Rotating flows can be found in fluid machinery and chemical reactors and they are examined to improve their performance [12] . When the flow around a rotating disk in a cylindrical casing represents a model of the flow in hard disk drives and stirrers, the radial clearance between the disk tip and the side wall of the casing is inevitable. Schouveiler et al. [13] implied that the radial clearance bores new spiral flows. Al-Shannag et al. [14] numerically examined the flow around corotating two disks connected by a central hub and showed the effect of the velocity fluctuation in the radial clearance on the interdisk flow. Hendriks [15] predicted a more realistic flow in a hard disk drive. He obtained Taylor vortices formed between the rotating disk and the side wall of the casing and found the jet-like radially outward flow on a rotating disk. Washizu et al. [16] examined the effect of a rib mounted on the sidewall of the casing and estimated the pressure fluctuation on the rotating disk. In these studies, while the characteristics of the unsteady flows were predicted, the effect of the rotation rate and the geometrical size of the disk were not clear. When the thickness of the rotating disk is comparable to the axial length between two circular end walls of the casing, the flow system in the radial clearance turns to Taylor-Couette system where the rotating disk corresponds to the inner cylinder. In Taylor-Couette system, the finiteness of the cylinder length breaks the idealization of axial periodicity of the dynamical structure in the flow [17] [18] . This means, even in the flow around a rotating disk, the end-wall effect on the onset and the development of Taylor vortices is one of the interesting topics of this flow. Watanabe and Furukawa [19] [20] numerically and experimentally investigated the flow around a rotating disk confined in a cylindrical casing. The disk driven by a thin shaft is settled at the center of the casing, and the flow field is symmetric with respect to the radial, azimuthal and axial directions. The radius of the disk is smaller than the inner radius of the casing. In the radial clearance between the disk tip and the side wall of the casing, the centrifugal instability causes flow disturbances and wavy flow appears. Several details about the effect of the radial clearance on the flow structure were numerically investigated by some of the authors [21] .

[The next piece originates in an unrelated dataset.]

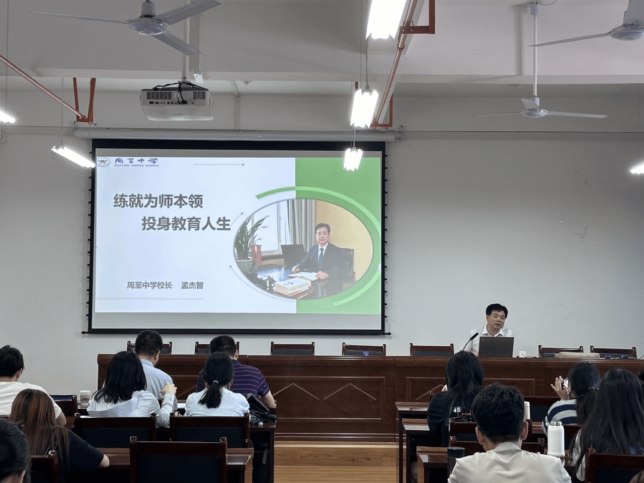 6月5日,信息工程学院邀请陕西省示范高中-周至中学党总支书记、中学高级教师孟杰智校长为数学系专业教师以及数学与应用数学专业2021级、2022级全体学生作了题为《练就为师本领,投身教育人生》的专题报告。报告会由数学系主任王宇主持。孟杰智连续六年被周至县委县政府评为“优秀校长”,教学和管理经验丰富,他从当前师范生的就业前景谈起,用数据和实例分析农村基层学校的现状和需求情况、基层学校需要什么样的好教师,通过视频直观展现了扎根农村教师的成长历程,...

In this study, we estimate the effect of the axial clearance (aspect ratio) and the rotation rate. The sizes of the outer casing and the radius of the disk are fixed, and three disks with different thicknesses are introduced in order to adjust the aspect ratio. The flow fields with these disks show systematic development of flow structures, as well as structures special to each field.
2. Geometrical Model and Formulation
The schematic sketch of the flow field is shown in Figure 1 where the dimensionless sizes mentioned below are introduced. In the experiments we have assumed, the radius (Rd) and the thickness of the disk are 0.127 m and 0.03 m, respectively, and the inner radius and the height of the outer casing are 0.142 m and 0.04 m, respectively. The disk has a driving shaft of radius of 0.01 m at its center. The disk is placed at the center of the casing, and the axial clearance and the radial clearance are 0.005 m and 0.015 m, respectively. Two more disks with thicknesses of 0.032 m and 0.028 m are used. The angular velocity of the disk and the driving shaft is Ω. The reference velocity is the azimuthal velocity component at the tip of the rotating disk ΩRd and the reference length is the radius of the rotating disk Rd. All physical variables are made dimensionless by these reference values. The coordinate system is a cylindrical system (r, θ, z), and its origin O is at the center of the lower end wall disk of
Schematic sketch of the flow field and the coordinate system. The lengths are normalized by the disk radius of 0.127 m.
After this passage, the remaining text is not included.